Counsel for the Appellant relied on the Dena Bank case to submit that the Supreme Court has held that once a claim fructifies into a final judgment and order/decree and a certificate of recovery is also issued authorizing the creditor to realize its decretal dues, a fresh right accrues to the creditor to recover the amount specified in the Recovery Certificate. The Counsel for the Appellant further submitted that accordingly, the present appeal deserved to be allowed since the application under Section 7 of the IBC, filed by KMBL, was within the period of three years from the dates of issuance of the Recovery Certificates.

Counsel for the Corporate Debtor supported the decision of the NCLAT on three grounds- a) the initiation of CIRP by KMBL would amount to filing of second proceedings for the very same cause of action and thus would be hit by the doctrine of res judicata and particularly, per rem judicatam, b) in view of the limited legal fiction under Section 19(22A) of the Debt Recovery Act, the Recovery Certificates can be treated as “decree” only for the limited purposes of initiation of winding-up proceedings, and c) the Dena Bank judgment is per incuriam since it was rendered without considering the provisions of sub-Sections (22) and (22A) of Section 19 of the Debt Recovery Act as well as clauses (6), (10), (11) and (12) of Section 3, clauses (7) and (8) of Section 5, Section 6 and Section 14(1)(a) of the IBC.

Observations of the Court

The Supreme Court observed that trigger point for initiation of CIRP is default of claim. It further noted that “52…When the “claim” itself means a right to payment, whether such a right is reduced to a judgment or not, we find that if the contention of the respondents, that merely on a “claim” being fructified in a decree, the same would be outside the ambit of clause (8) of Section 5 of the IBC, is accepted, then it would be inconsistent with the plain language used in the IBC.…. the definition is inclusive and not exhaustive. Taking into consideration the object and purpose of the IBC, the legislature could never have intended to keep a debt, which is crystallized in the form of a decree, outside the ambit of clause (8) of Section 5 of the IBC.”

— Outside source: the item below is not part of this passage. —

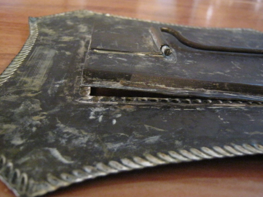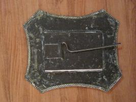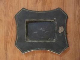 This is a photo frame. Shape is irregular. Every side is con cave. Outer line is slightly elevated. Middle is cut out in rectangular shape and has border in dot designs. On back side plate is weled with upper portion which is open to insert a photo in it. A supporting stick is attached to it.
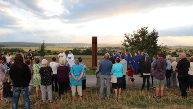 Záměr obce vybudovat tu drobný sakrální objekt, zaznamenaný v územním plánu prostým křížkem, získal konkrétní formu. Prolnutím dvou prostorových křížů vznikl jednoduchý objekt se čtyřmi výklenky. Kontext místa určil zasvěcení kaple čtyřem patronům. Zastoupeni jsou stylizovanými symboly orientovanými na všechny světové strany. Česká země: Svatý Václav – Svatováclavská koruna; letiště a vojsko: archanděl Michael – meč; pole a zemědělci: Svatý Isidor – rýč; cyklisté a výletníci: Svatý Kryštof – poutnická hůl.

The Supreme Court then proceeded to observe that since the claim arising out of the Recovery Certificate would constitute a financial debt, a natural corollary would be that the holder of such recovery certificate would become a financial creditor under Section 5(7) of the IBC, and would thereby be entitled to initiate CIRP, if initiated within a period of three years from the date of issuance of the recovery certificate.

The Supreme Court accordingly allowed the appeal and remanded the matter back to the NCLT for re-consideration on merits.